Once the low-rank estimated wave is generated, the points for which that wave does not account are considered the outliers. These outliers may then be assessed for potential payment processing events, with the analytics results projected onto a dashboard produced by Tableau. That dashboard can then be shared with payment processing partners, who aren’t necessarily data scientists, but who do need to see how customer events affect them as well.
What’s more, the behavior of these detected outliers may start to form a pattern, which could conceivably enable partners to detect payment system anomalies before they occur.

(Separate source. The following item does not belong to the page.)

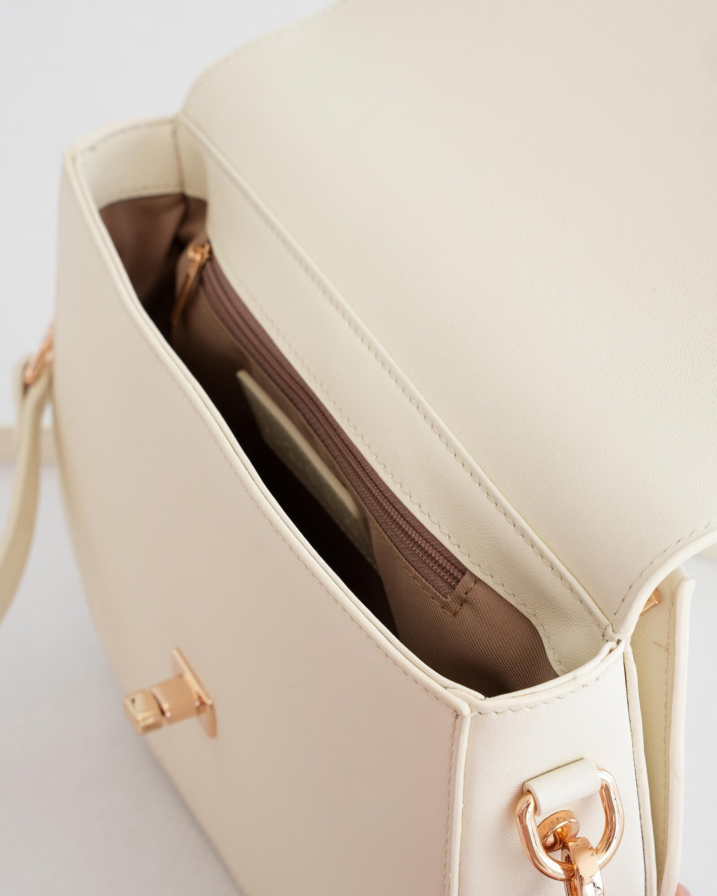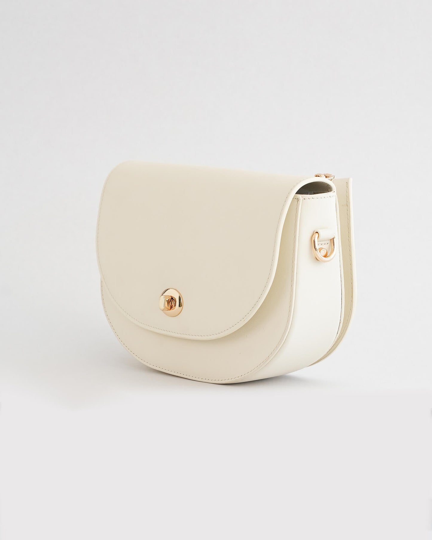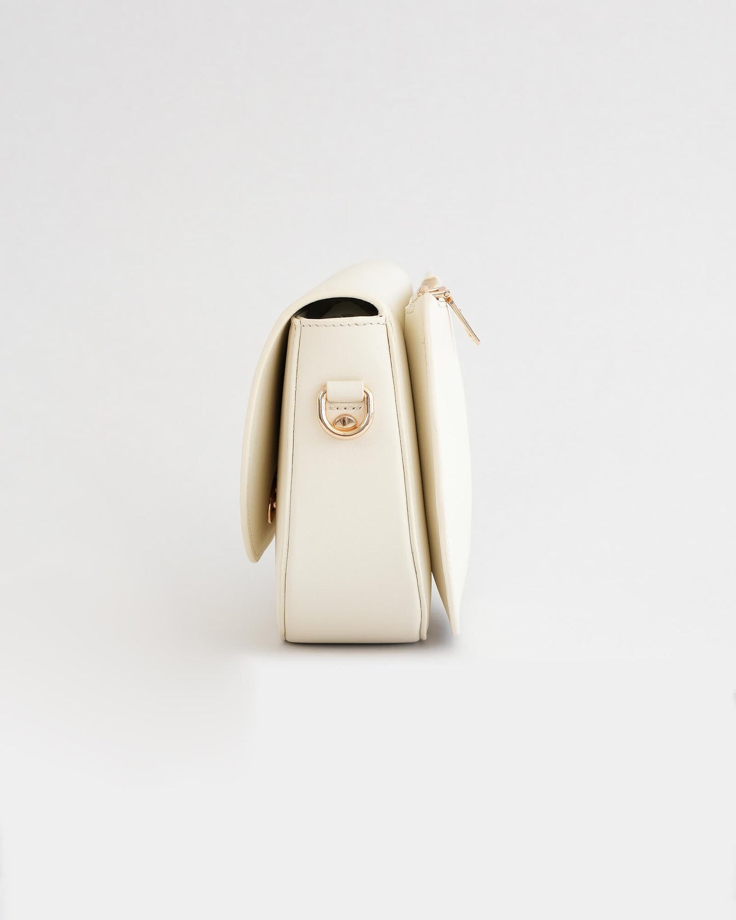 Compact yet considered, this medium-sized leather sling bag is designed to carry daily essentials with ease. The curved flap closes securely with refined gold hardware.

“Today Netflix customers sign up across the world on hundreds of different types of browsers or devices,” the team writes. “Identifying anomalies across unique combinations of country, browser/device and language helps our engineers understand and react to customer sign up problems in a timely manner.”
When monolithic software ruled the data center, processing errors were treated as necessary evils. But monoliths could only scale so far. Now that they’re being replaced with microservices, developers are reclaiming their roles as engineers and mathematicians, rediscovering the tools of the trade the way mainframe developers of the ‘70s had foreseen them.